--- Stored data ---

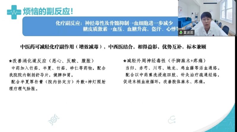 会上,辽宁中医药大学附属医院血液科副主任夏芸芸从中西医结合角度,系统讲解了多发性骨髓瘤基本知识,解读了中医疗法的重要价值。她提出,中医辨证论治可有效缓解西医治疗带来的恶心呕吐、周围神经病变等不良反应,增强患者免疫力,实现增效减毒、1+1>2的治疗效果。
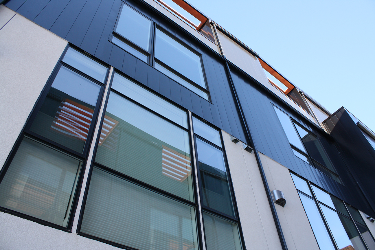 Each of the new 1,830 SF townhomes features a modern exterior with stucco, metal panels, masonry and significant quantities of glass. The interiors feature three bedrooms, three-and-a half bathrooms and a garage. The third bedroom offers a private entryway and the fourth floor features a pergola-covered rooftop deck.
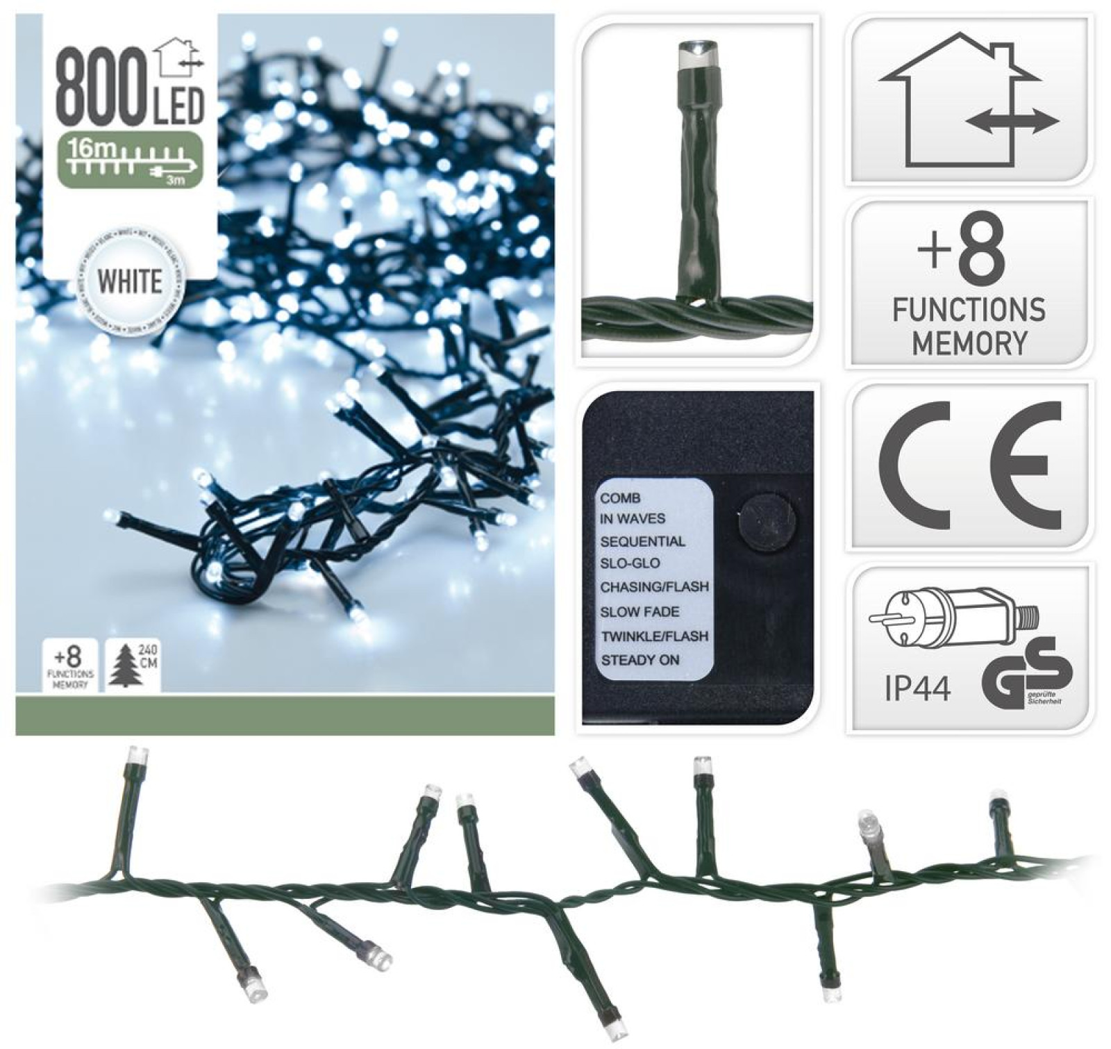 vianočné svetlo, svetelná reťaz, 800 LED studené biele, zelený kábel, dĺžka svetelnej časti 16 m, priemer žiarovky 5 mm, dĺžka prívodného kábla 3 m, vzdialenosť medzi žiarovkami 2 cm, s 8 funkciami a pamäťou, vhodné na 240 cm vianočný stromček, IP44 - na vonkajšie/vnútorné použitie

---

Restate the data above word for word, so that the only difference is the missing pictures.

### Result of the task
 会上,辽宁中医药大学附属医院血液科副主任夏芸芸从中西医结合角度,系统讲解了多发性骨髓瘤基本知识,解读了中医疗法的重要价值。她提出,中医辨证论治可有效缓解西医治疗带来的恶心呕吐、周围神经病变等不良反应,增强患者免疫力,实现增效减毒、1+1>2的治疗效果。
 Each of the new 1,830 SF townhomes features a modern exterior with stucco, metal panels, masonry and significant quantities of glass. The interiors feature three bedrooms, three-and-a half bathrooms and a garage. The third bedroom offers a private entryway and the fourth floor features a pergola-covered rooftop deck.
 vianočné svetlo, svetelná reťaz, 800 LED studené biele, zelený kábel, dĺžka svetelnej časti 16 m, priemer žiarovky 5 mm, dĺžka prívodného kábla 3 m, vzdialenosť medzi žiarovkami 2 cm, s 8 funkciami a pamäťou, vhodné na 240 cm vianočný stromček, IP44 - na vonkajšie/vnútorné použitie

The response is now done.